Learning watercolor techniques was new but as an artist – Andy mastered it. He loves working with Topps and attending card shows, where both the printed baseball card versions of his paintings and the original paintings used to create the cards are sold. He enjoys meeting collectors at card shows and sees his accessibility as an artist as a large part of his artistic statement.
Andy would eventually like to see some of his landscape paintings and cityscapes of old abandoned towns also turned into cards. He’s lately been playing guitar and writing again and is working to complete his first new record in over a decade. Topps has issued some of his old tour posters as cards, too, which has helped generate renewed interest in his music. The medium of watercolor started as a personal exercise for Andy but has helped him be less hidden and inhibited as an artist, which has allowed him to share more of himself as a musician, as well as a painter.
Andy maintains a residence in Brooklyn but also has a place upstate where he’s spending more time. He thinks this will be where he’ll be doing more and more painting and music. And hopes that through painting and music he can continue fulfilling his goal of healing and unifying through the exhibition of art. He notes the great divides that exist now and sees the card collecting community as one that exists without division. He takes seriously his responsibility as an artist to reach people and help bridge the gaps.
One of Andy’s future goals is to exhibit his art in a traditional gallery. But in his latest Topps set, which was released last summer and sold-out in minutes, Andy’s card-sized original paintings were included in packs for collectors to win. Beyond what the paintings express, Andy feels that the work he’s been doing in collaboration with Topps challenges the traditional perception of what an exhibit can be. “The exhibit of my latest paintings happens when a collector wins an original in a pack.”
From polaroids to poems to illustrations to paintings, Andy has created his own path forward to be the artist he is. He shares, “If you’re a creative, you use obstacles to your advantage.”

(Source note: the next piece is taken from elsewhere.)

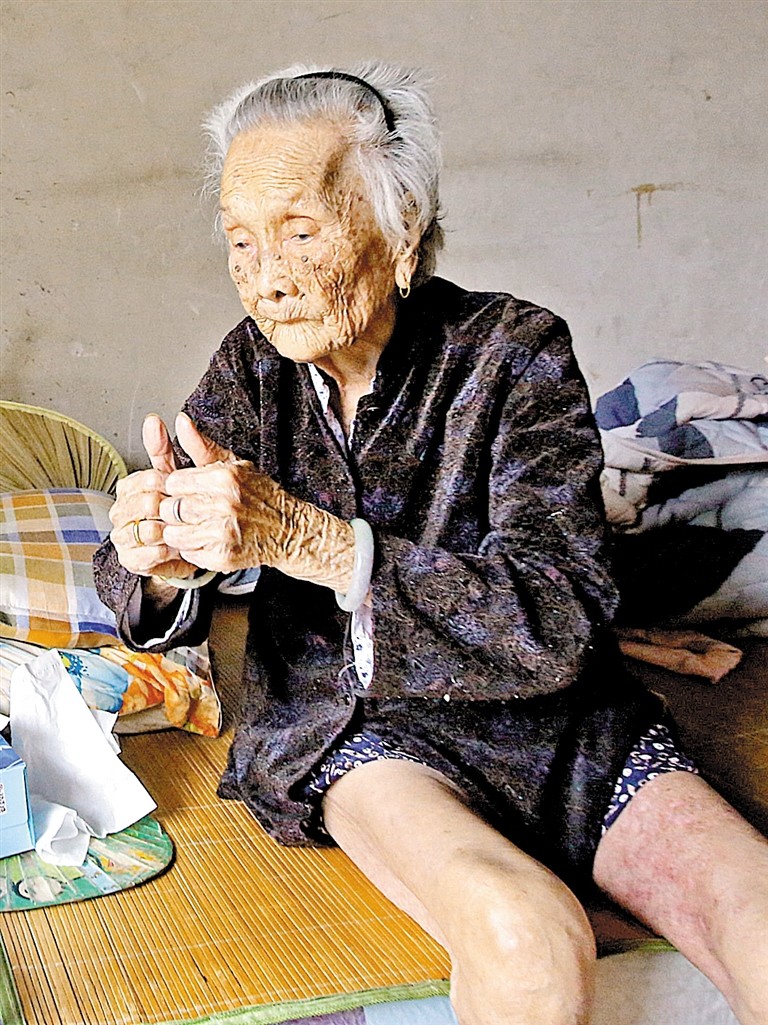 9月底,陽光明媚的上午,101歲的陳汝金像往常一樣坐在家里,陽光照進(jìn)屋子,照在她的臉上,一切顯得平靜安詳。福永街道鳳凰社區(qū)工作站的工作人員帶著鮮花和水果,和記者一起來到老人家里。這一天,老人的外孫女文小姐和孫媳婦也正好回來看望她。

Growing up on Long Island, Andy admired fellow Long Island artist Billy Joel and always aspired to be the kind of artist like Billy. As someone who never stopped giving back to LIHSA, in 2018, Andy was invited to return to the school to be part of a panel discussion in front of Long Island superintendents on the importance of arts education. Billy Joel was a fellow panelist and Andy loved sharing the stage with him at his own alma mater.
Andy advises younger artists, “There’s no place for competition as an artist. Never compete. And never give up. Giving up is the enemy of creativity. Stay focused and keep blinders on; comparing your own accomplishments to others will just slow you down and distract. Remain genuine at all costs and follow your fascinations.”
Andy Friedman – YOU are fascinating. Thank you for giving your art to the world and for continuing to give back to LIHSA!